**DATA BLOCK:**
....
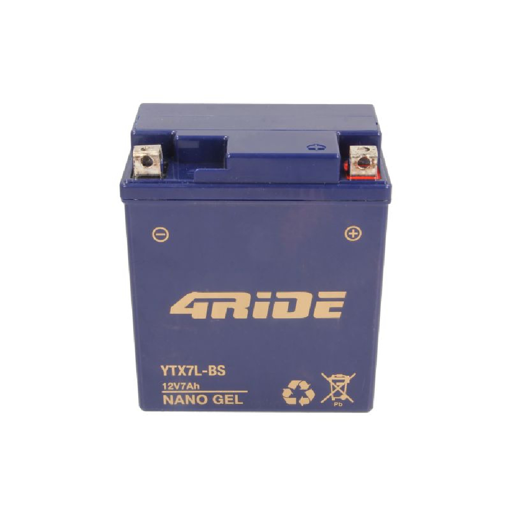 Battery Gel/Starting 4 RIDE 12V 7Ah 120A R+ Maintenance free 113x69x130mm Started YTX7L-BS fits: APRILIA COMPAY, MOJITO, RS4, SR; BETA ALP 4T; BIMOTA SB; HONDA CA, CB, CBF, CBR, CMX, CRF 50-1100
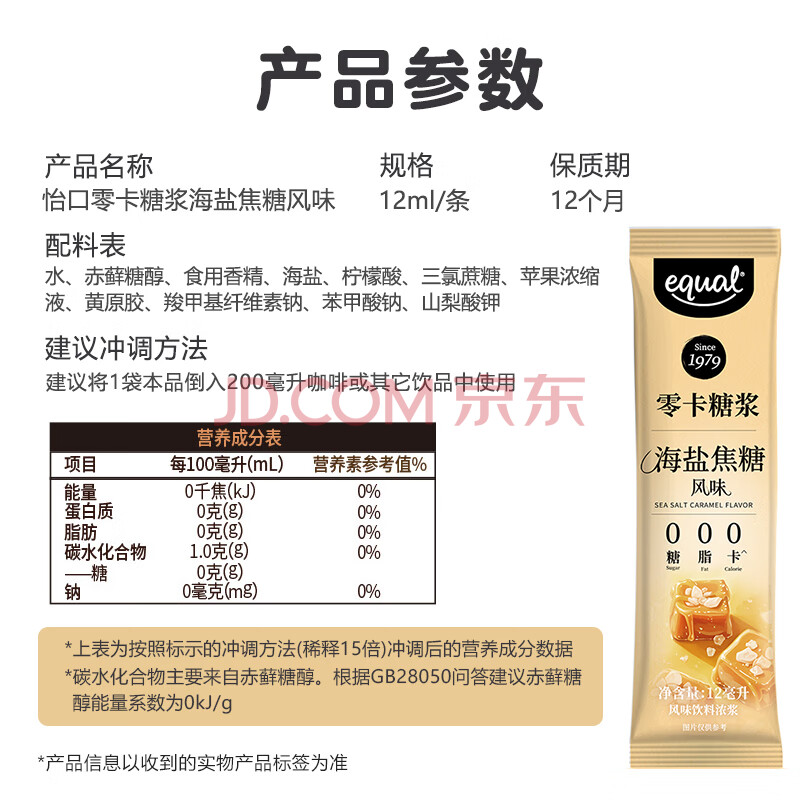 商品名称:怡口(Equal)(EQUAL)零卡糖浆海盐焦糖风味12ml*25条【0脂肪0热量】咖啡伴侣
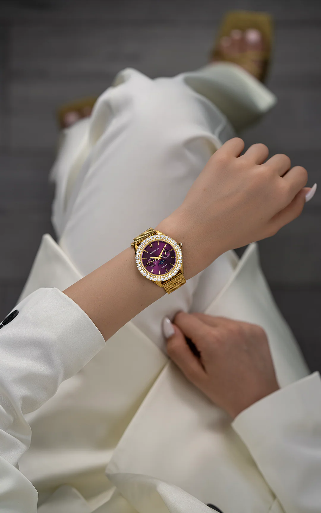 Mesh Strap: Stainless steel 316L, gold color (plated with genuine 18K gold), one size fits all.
....
**PROBLEM DESCRIPTION:**
Exactly the lines from the top of the listing through the line holding "商品名称:怡口(Equal)" should be repeated, with pictures left out.

**SOLUTION TO THIS EXERCISE:**
 Battery Gel/Starting 4 RIDE 12V 7Ah 120A R+ Maintenance free 113x69x130mm Started YTX7L-BS fits: APRILIA COMPAY, MOJITO, RS4, SR; BETA ALP 4T; BIMOTA SB; HONDA CA, CB, CBF, CBR, CMX, CRF 50-1100
 商品名称:怡口(Equal)(EQUAL)零卡糖浆海盐焦糖风味12ml*25条【0脂肪0热量】咖啡伴侣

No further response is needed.